This is an archive of the discontinued LLVM Phabricator instance.

[OpenMP] Avoid checking parent reference count in targetDataBegin
ClosedPublic

Authored by jdenny on Jun 29 2021, 7:48 AM.

Details

Summary

This patch is an attempt to do for targetDataBegin what D104924 does
for targetDataEnd:

  • Eliminates a lock/unlock of the data mapping table.
  • Clarifies the logic that determines whether a struct member's host-to-device transfer occurs. The old logic, which checks the parent struct's reference count, is a leftover from back when we had a different map interface (as pointed out at https://reviews.llvm.org/D104924#2846972).

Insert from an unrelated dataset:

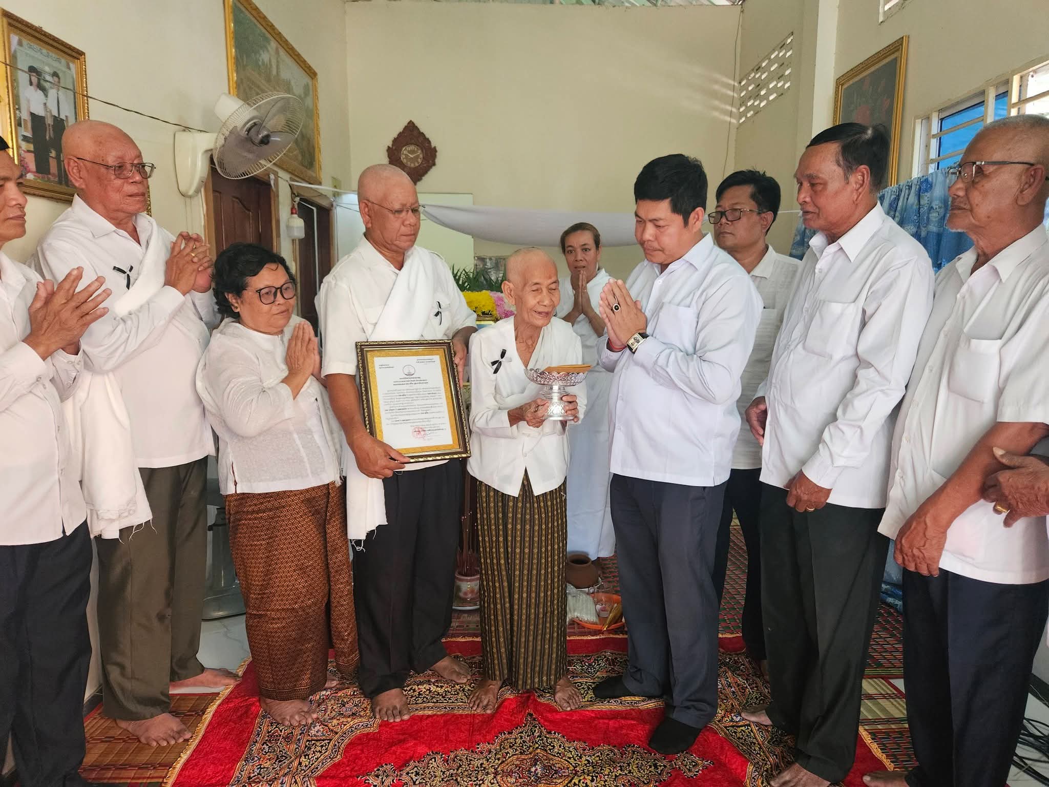 គណៈប្រតិភូរដ្ឋបាលខេត្តកណ្តាល អញ្ជើញគោរពវិញ្ញាណក្ខន្ធសព សីលាភិរ័ក្ខសិរីវិសុទ្ធា អគ្គមហាឧបាសិកាពុទ្ធសាសនូបត្ថម្ភក៍ ផូ ភួង ត្រូវជាម្តាយបង្កើតរបស់ ឯកឧត្តម នាយឧត្តមសេនីយ៍ ស ថេត

Additionally, it eliminates the DeviceTy::getMapEntryRefCnt, which
is no longer used after this patch.

While D104924 does not change the computation of IsLast, I found I
needed to change the computation of IsNew for this patch. As far as
I can tell, the change is correct, and this patch does not cause any
additional openmp tests to fail. However, I'm not sure I've thought
of all use cases. Please advise.

Diff Detail

Event Timeline

jdenny created this revision.Jun 29 2021, 7:48 AM
jdenny requested review of this revision.Jun 29 2021, 7:48 AM
Herald added a project: Restricted Project. · View Herald TranscriptJun 29 2021, 7:48 AM
Herald added a subscriber: sstefan1. · View Herald Transcript

Can you upload this with context? We should also run it through all the offload apps we have in FAROS.

jdenny updated this revision to Diff 355248.Jun 29 2021, 8:03 AM

Add context to diff. Sorry!

We should also run it through all the offload apps we have in FAROS.

I've not tried FAROS before. If you're requesting that I do this, please give me a pointer, and I'll be glad to investigate.

We should also run it through all the offload apps we have in FAROS.

I've not tried FAROS before. If you're requesting that I do this, please give me a pointer, and I'll be glad to investigate.

FAROS is just a suggestion as it is a reasonable way to run some of the offload apps we have:
https://github.com/LLNL/FAROS/tree/features/openmp-offload

It basically should allow you to build multiple proxy apps with ease. They are also run but you might need to do something like make test for miniQMC manually.

We should also run it through all the offload apps we have in FAROS.

I've not tried FAROS before. If you're requesting that I do this, please give me a pointer, and I'll be glad to investigate.

You can also build the tests manually if you find that easier. Right now FAROS only tests XSBench, RSBench, miniFE, and miniQMC for its offloading checks.

I think, we need more tests challenging the reference counting for mapping rules to make sure that the code change is valid.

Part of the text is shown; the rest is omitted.